As a sidenote, has anyone else noticed that the AI never seems to go to war in ancient times? Maybe it's just the games I've played so far, but they never seem to go on the offensive until around the time of Gunpowder. There's no way a Civ II game would get all the way to 1700 before the first war.

I ended up winning the cultural victory, but it was close; David built the UN at around the time Madrid reached Legendary status, and with a little more maneuvering might have been able to snag a Diplomatic victory. We kept playing after my win so David could finish taking Kyoto. It turns out that that the AI still tries to win the game if you keep playing; Asoka was building spaceship parts and trying to vote himself Supreme Leader.

One difference between single player and multiplayer games is that multiplayer has much fewer popups. When discovering a tech, you don't hear the cool quote and see the tech description; it just says "You have discovered Monarchy!" and you get prompted for a new research goal. There also are no wonder or victory videos. I'm curious if there are options that control these, since I kind of missed them.

The game seemed to go a lot faster than our Civ II games, though it's hard to compare the two; Civ II was always much more about socializing (we weren't on AIM then), and this was all over once session. At the end of the game it said it went for 7 hours and 7 minutes, not bad at all for a game that literally stretched from men with clubs up to modern armor. That even counted breaks for lunch and dinner when we'd kept the game running, though it does not count the time my game froze and I had to shut down and restart the program. Anyways, this makes me optimistic that we could do games in a reasonable time.
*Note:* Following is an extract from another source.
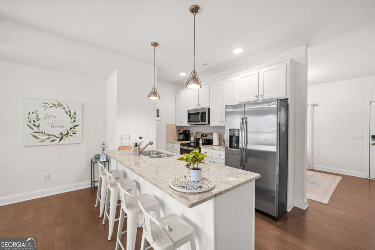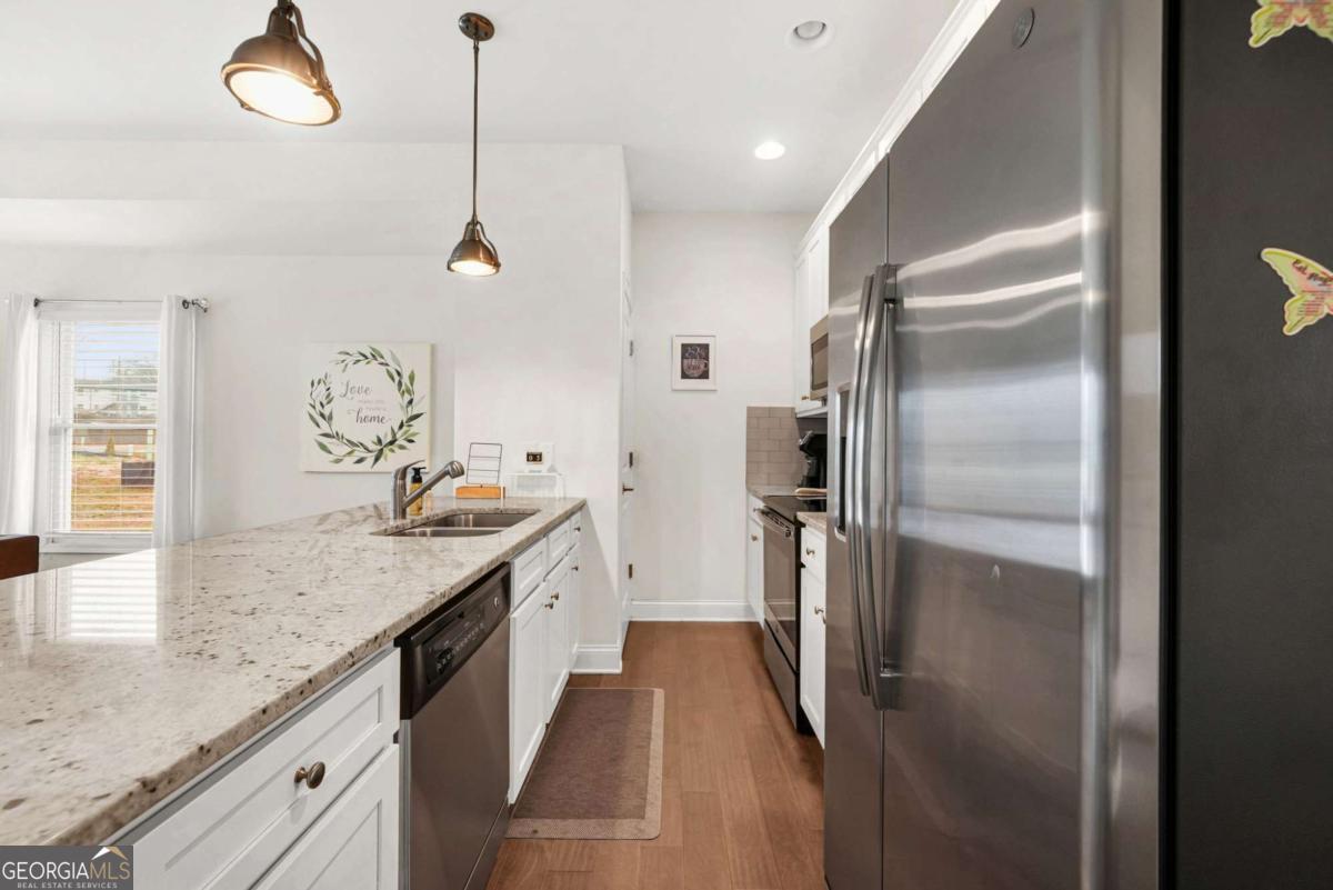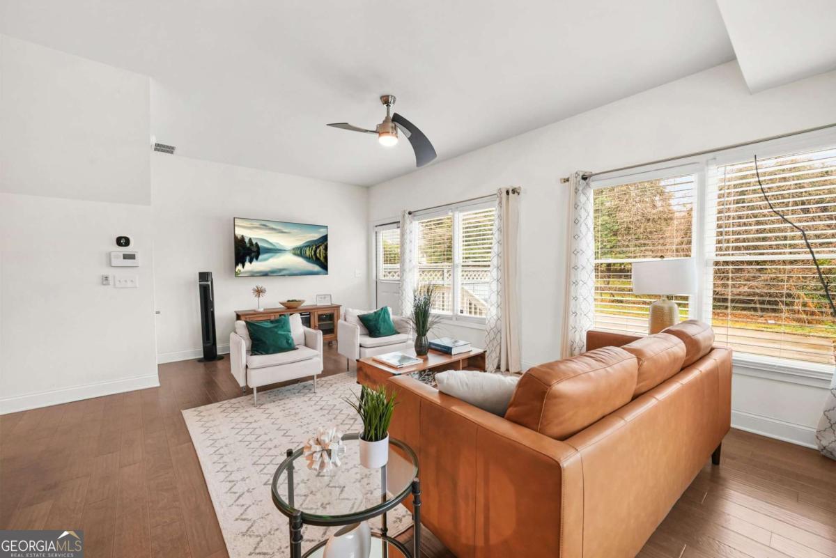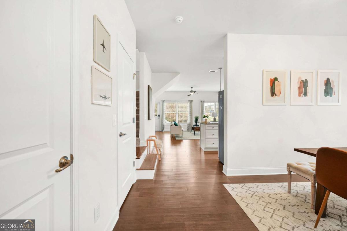 This three-story end-unit townhome in the heart of Hapeville offers space, light, and flexibility for buyers who want convenience without giving up character, especially if you're always on the go. The open main level is filled with natural light and panoramic views, creating an easy flow for everyday living or winding down after a long day. The kitchen anchors the space with white cabinetry, granite countertops, stainless steel appliances, and a breakfast bar that works for quick meals or casual entertaining. One of the standout features is the private third-floor suite, ideal for guests, a home office, or a quiet retreat away from the main living areas. The primary suite features a double vanity, walk-in closet, and a well-finished shower, offering comfort without high-maintenance living. Start mornings on the classic rocking-chair front porch and end evenings walking to local shops and restaurants in downtown historic Hapeville. This community feels personal, with regular events and the kind of "original Atlanta" energy people look for but rarely find. Location is the real power move here. You're minutes from Hartsfield-Jackson Atlanta International Airport, next to Delta Headquarters, and around the corner from the birthplace of the original Chick-fil-A. Add in the Porsche Experience Center, quick access to I-75/85, and an easy drive to Downtown Atlanta and Mercedes-Benz Stadium, and you've got a home that works as a true live-work-play base or a convenient crash pad for frequent travelers. Efficient, connected, and full of character, this home makes everyday life easier while keeping Atlanta right at your doorstep.

I'm serious about wanting to do multiplayer games, though not until January. If anyone is interested in joining, drop me a line; we need to figure out what people want to do and what games will work best. Right now I'm envisioning weekly games of maybe 3 hours each; based on our game, that means we can probably finish a game in about two sessions (though a combat-heavy game would take longer). Depending on the skill level of the people joining, they will probably be low-key, designed as learning experiences to give people a chance to try stuff out and ask questions without worrying about getting backstabbed.